Ich muss an den Songteyt von BAP denken: „Joh wenn et Bedde sich lohne däät, wat meinste wohl, wat ich dann bedde däät...“ und ich bete, gebetsmühlenmäßig, denn schaden kann es ja nun wirklich nicht...


Akt 3 -Verdauung:
To make a long story short:
Wir überleben. Natürlich nicht ohne, dass Vinish noch einige Male nach hinten schaut, und nicht ohne, dass meine einzige Kommunikation daraus besteht den Fahrer wahlweise mit „slowly-slowly““, „raaaiiiiight“ oder „fuck-passdochaufduarschloch“ anzuraunzen. Ich hab das Gefühl das animiert ihn zu Racheakten, denn danach fährt er extra auf glatten Passagen langsam und auf Gravelroads schnell.
die jungs dieser werkstatt sind einfach klasse

Wir erreichen meine Stamschrauber-werkstatt, in der ich vor einer Woche Öl gewechselt habe, im Dunkeln. Aber wie überall in der Welt sitzt man hier auch nach Feierabend noch gemütlich bei Bier und Joint zusammen und klönt.
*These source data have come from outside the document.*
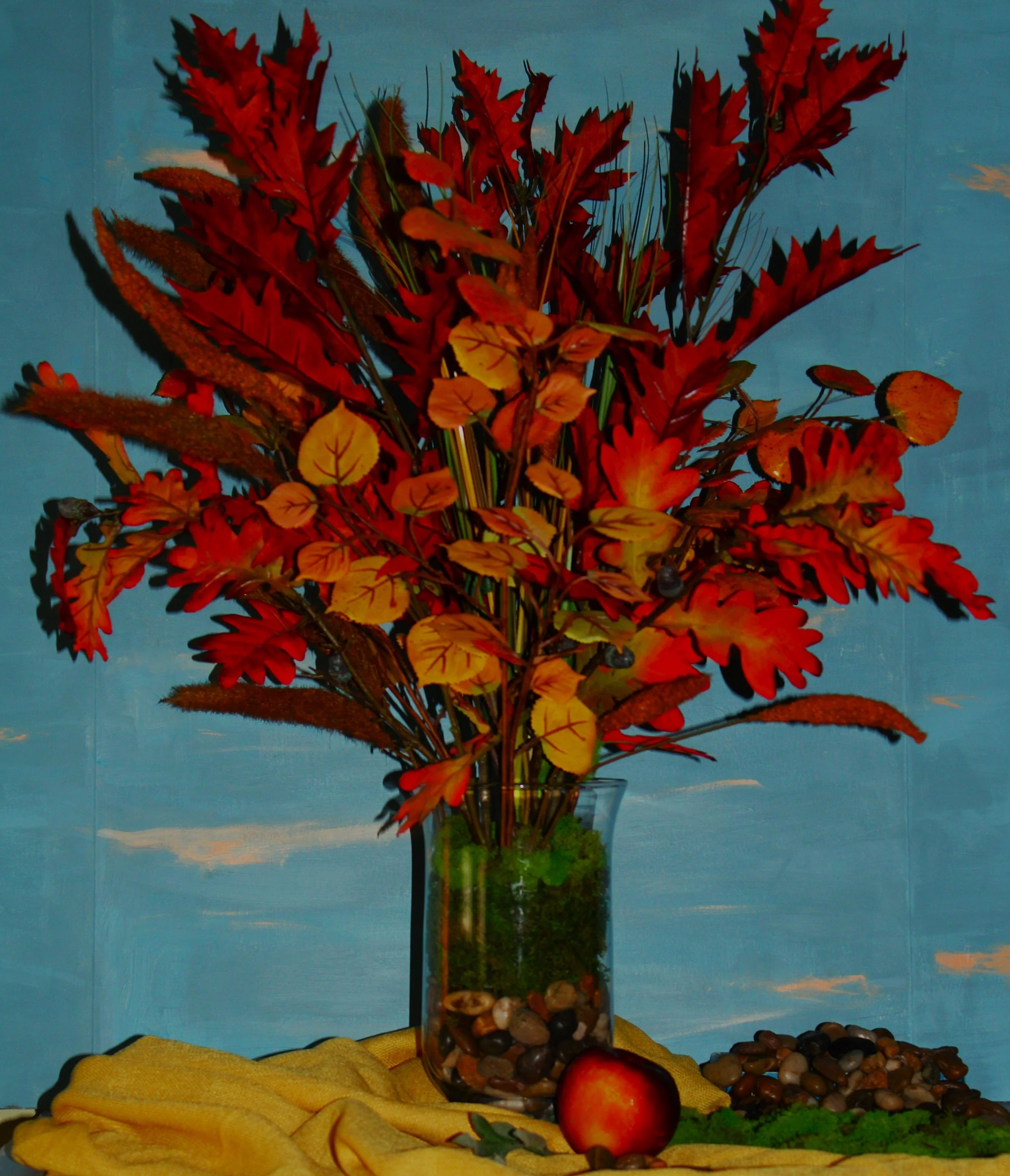 Fall Oak Leaf Spray, Birch Spray, Red Oak Leaf Branch, Brown Setaria/Onion Grass, River Stones, Moss. Glass Vase.
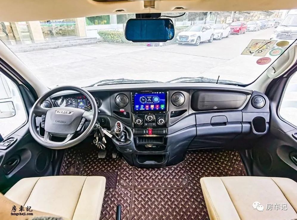 驾驶舱和原底盘车相比区别不是很大,同样的多功能方向盘,中间是一款液晶显示屏可以显示导航和倒车影像地功能。
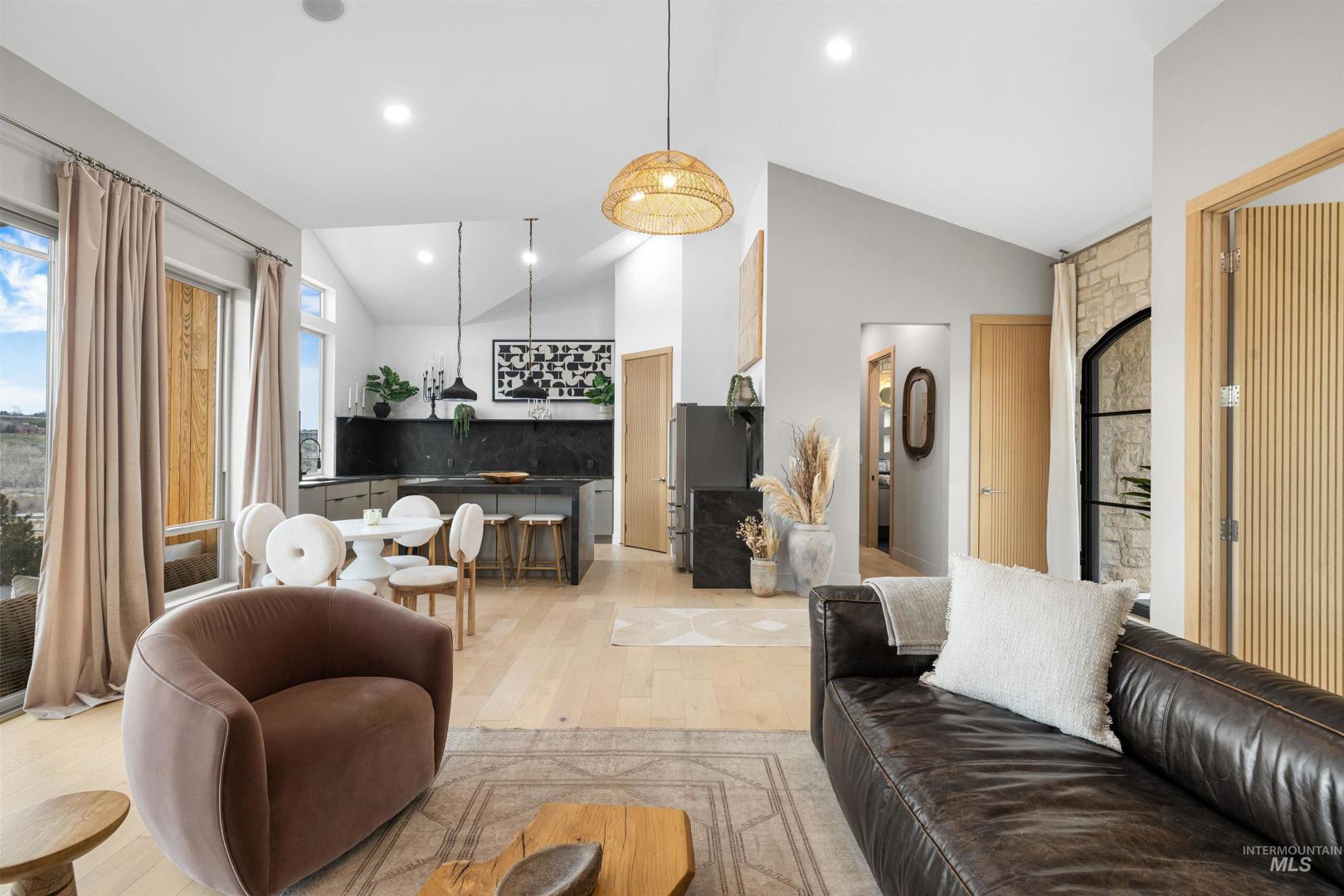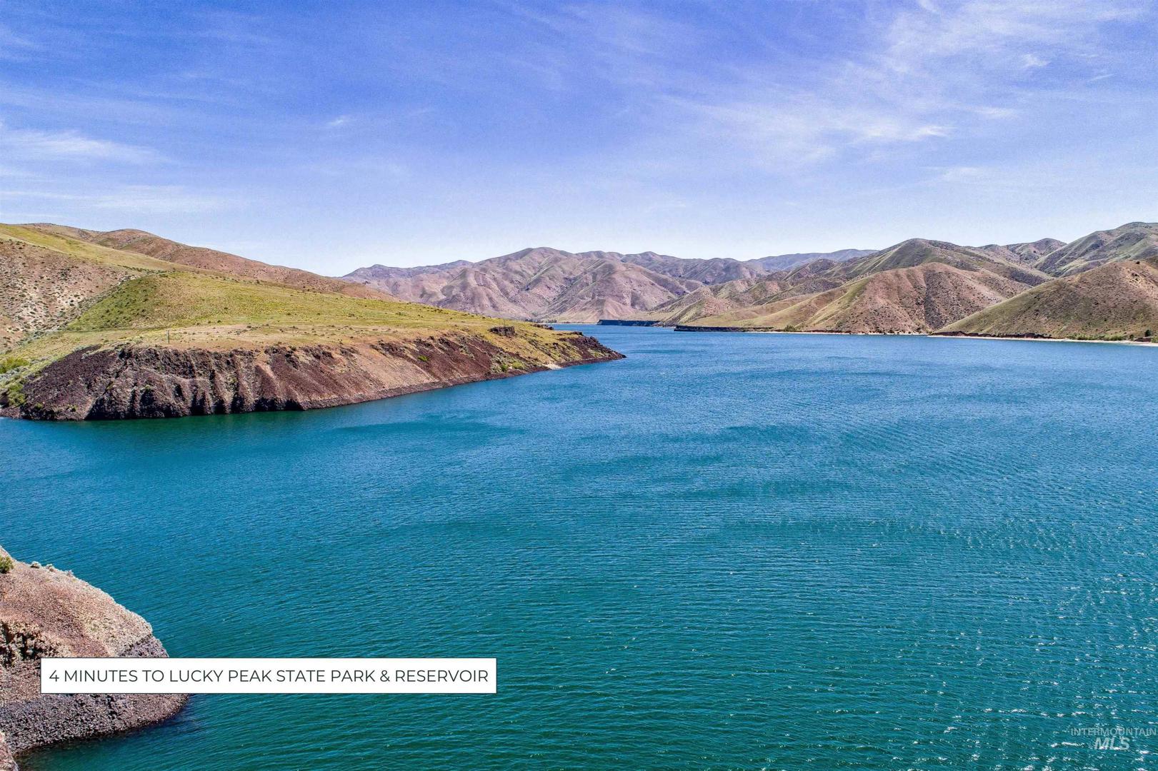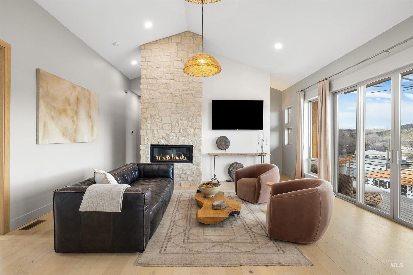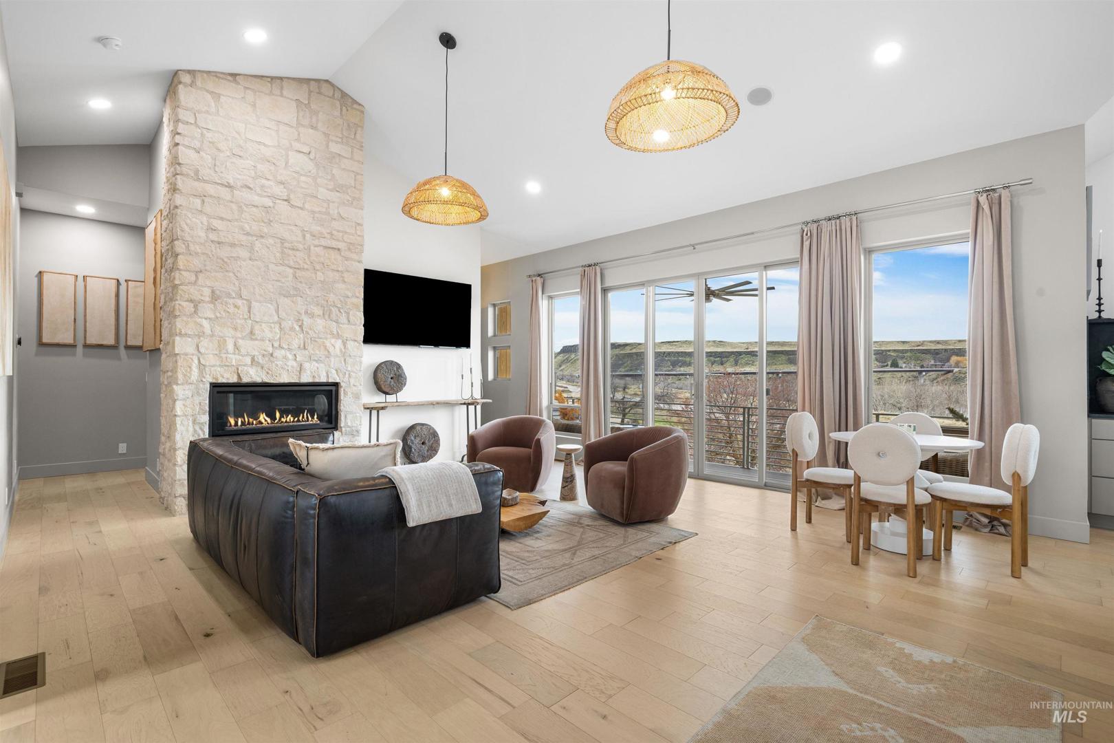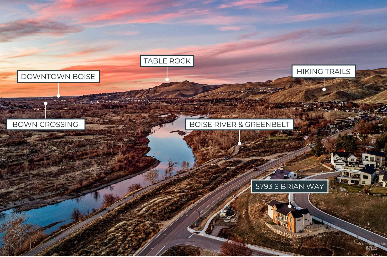 Set on the rim of East Boise off Warm Springs, this truly move-in-ready home showcases a stunning modern European design rarely seen in Boise. The open great room features a hand-laid stone fireplace and a full wall of sliding glass that captures views of the Boise River and foothills, creating a strong connection to the surrounding landscape. The striking kitchen includes a waterfall island, leather-finished quartz countertops, sleek cabinetry, slab backsplash with a gallery shelf, and a walk-in pantry. Vaulted ceilings enhance the open flow throughout the main level, which also includes a dedicated home office, powder bath with stone sink basin, mudroom, and a private primary suite. The primary suite captures river and Highway 21 bridge views and features heated Moroccan limestone tile flooring in the ensuite, a walk-in shower with dual showerheads, dual vanities, and a spacious walk-in closet with secondary laundry. The walkout lower level includes two king-sized bedrooms, a secondary living space, and a laundry room with a dedicated dog wash. Additional home highlights include an insulated two-car garage with EV charger, a rare heated driveway, low-maintenance turf landscaping, and designer lighting. With no possibility of direct rear neighbors, the property offers exceptional privacy near Lucky Peak, nearby trails, hot springs, and Bown Crossing dining and shops.

Und keiner kann es sich verkneifen mir Kommentare entgegenzschleudern, das man NIE NIE NIE einen Truck nimmt, wenn man noch einen Funken Verstand im Hirn und einen Tropfen Blut im Körper hat, um selbst zu fahren.
THANX - das Lehrgeld hab ich grad gezahlt.



Und dann lieber Herr Nideggen... dann hat sich das Beten vielleicht doch gelohnt:
Der Wagen des Seeenverkäufers schafft es genau bis hier hin. Danach ist Ende. Beim Versuch anzurollen nimmt er sogar noch ne Mauer mit und ramponiert sich die Auflage. Das ist jetzt zwar weder christlich noch buddistisch und auch menschlich ne Schweinerei, aber in dem Moment harmonisieren Kopf und Gefühl wieder einwandfrei miteinander: mein Gefühl jubiliert zum Himmel und mein Kopf verbreitet den leisen Hauch von Genugtuung.

auch ungedreht unverkennbar: eineinhalb tage hab ich in der werkstatt in vashisht dran gearbeitet, damit sie wieder fahrbar ist und die wichtigsten ersatzteile sind morgen im handgepäck von meinem liebsten. wieder ein schutzengel an meiner seite

2 Kommentare:

  1. Schwesterherz, ich weiß nicht, ob ich dich als wagemutige Abenteuerin bewundern, oder als leichtsinnige Verrückte einweisen lassen soll. Vielleicht liegt es an der kölschen Grundeinstellung ("Et hätt noch immer jot jejange") oder am hellmischen Grundoptimisums, aber aus irgendeinem Grund bin ich mir sicher, dass du alle Gefahren gut erhalten überstehen und meistern wirst.
    Das größte Problem wird wahrscheinlich die Resozialisierung am Ende deiner Fahrt, aber darüber brauchst du dir ja Gott sei Dank noch keine Gedanken zu machen.
    Bis dahin hoffe ich auf viele weitere tolle Beiträge von dir, die mich hier in meiner warmen, heilen Welt an deiner unglaublichen Reise teilhaben lassen. Fühl dich gedrückt!